I may have just the thing for the funky young man: it's a hemp cover with a black ?stencil? on the front that is (I believe) what they call "tribal" in design.

http://www.amazon.com/Eco-nique-natural-Kindle-Global-Wireless/dp/B003812LHI/ref=sr_1_1?ie=UTF8&s=electronics&qid=1281606497&sr=8-1

and at the low end of your price range no less!


----------



## 911jason (Aug 17, 2009)

Kind of a tribal barbie look...


----------



## Concrete Queen (Oct 19, 2009)

krystalspin said:


> @ concrete queen
> 
> I may have just the thing for the funky young man: it's a hemp cover with a black ?stencil? on the front that is (I believe) what they call "tribal" in design.
> 
> ...


Thank you! I think that'll be perfect for him, I went ahead and ordered it. 
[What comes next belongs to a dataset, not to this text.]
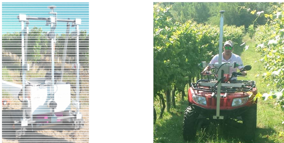
Figure 1: The left figure shows the ByeLab, while the right shows the operator during the crop monitoring operation using the ATV-Lab. The displacement speeds of the systems were set at 0.5 m/s and 2 m/s for the ByeLand and ATV-Lab, respectively. The middle NDVI sensors mounted on the ByeLab are installed at the same height on the NDVI sensor installed on ATV-Lab.

At the contrary, on the ATV-Lab were mounted only a couple of NDVI sensors, one for side, while it did not employed the LiDAR technology. Both sensors were mounted on a frontal support at an adjustable width and high. During the test, the sensors were placed at 0.3 m on the left and right side of the middle support and at a height of 0.9 m. These distances were chosen in order to monitor a representative portion of the canopy. At the top of the frontal support, the RTK-GNSS receiver was fixed. The sampling frequency acquisition was set at every 0.5 m of displacement. Besides, the ATV-Lab was also equipped with an on-board computer for the sensor controlling and management of the entire datasets acquired during the surveys (Figure 1).

Thanks for all the other suggestions, too! There are some awesome covers out there.


----------



## Archer531 (Aug 13, 2010)

Well I know you already got one for him but I like reading the Kindle with no case around it and really feel how thin and light it is so my wife and I use the Belkin Neoprene sleve. It's black and cushioned with nice padding around the zipper so it doesn't come in contact with the Kindle. That is what i'll get for the K3 when Belkin makes it. That way I can just slip it out and read it but still protect it around the house from the kids or in transit.


----------



## 911jason (Aug 17, 2009)

I used to use the same Belkin case and you're right, it's very nice and simple. =)


----------



## Bigal-sa (Mar 27, 2010)

I must say, as a male, I prefer the plain black leather Amazon cover...


----------